Bomber/Fighter speeds?

By Bheader, in Rogue Trader Rules Questions

Does anyone else think the statted values in BFK could use some work?

Human Bomber Speed 6VUs - can operate for 6 turns

Human Interceptor Speed 10VUs - can operate for 4 turns

As it stands bombers struggle to catch up with a cruiser before they have to return to base.

Unless you start the ship to ship encounter right next to each other (which should be unlikely) you are going to struggle to get bombers to a target who doesn't wait around for them.

An additional problem with the current speeds is that you have to bring the carriers in close or you will lose squadrons who literally run out of fuel/oxygen trying to return to base and that's not how carriers should be used.

It gets worse when your fighters escort bombers since they now move at speed 6 but still only have 4 turns before they run out of air.

Personally I have never seen any sci fi where fighters and bombers were so slow relative to the big ships - it seems a bit out of whack?

Has everyone houserule'd this or do you start ship encounters right next to each other?

Simple fix I did was remove the maximum time they can spend out of the carrier. Lorewise the reason for that is that fighters and bombers are described as being self-contained craft equipped with life support, food, crew quarters, etc.

The relative speeds are weird too though.

A lot of this stuff is based on WW1/2 - in WW2 a frigate could do around 20 knots where a bomber would exceed 200knots - if we carry that over to RT we would have bombers moving at 90VU.

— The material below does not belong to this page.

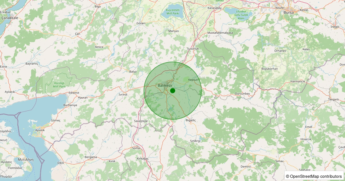 Son 7 gün içinde Altıeylül - Ovaköy noktasından 100 km yarıçap içerisinde meydana gelen diğer depremler:

No ship could simply outpace a bomber - they could either try to hide or try to shoot them down.

In WW2 carriers engaged other ships from incredible distances with bombers flying for hours (sometimes ditching their depleted planes after their bombing run).

I guess the reason we don't get this in our rules is that they are based on the minifigs game and the distances involved would not fit on a table?

No real need to limit an rpg to such rules though.

It would change the style of the game completely I think.

Maybe just assume that because they are such small vessels they can't fight enough fuel/powerful engines on such small ships?

I think they wanted the fighting style to be more 18th century ship of the line.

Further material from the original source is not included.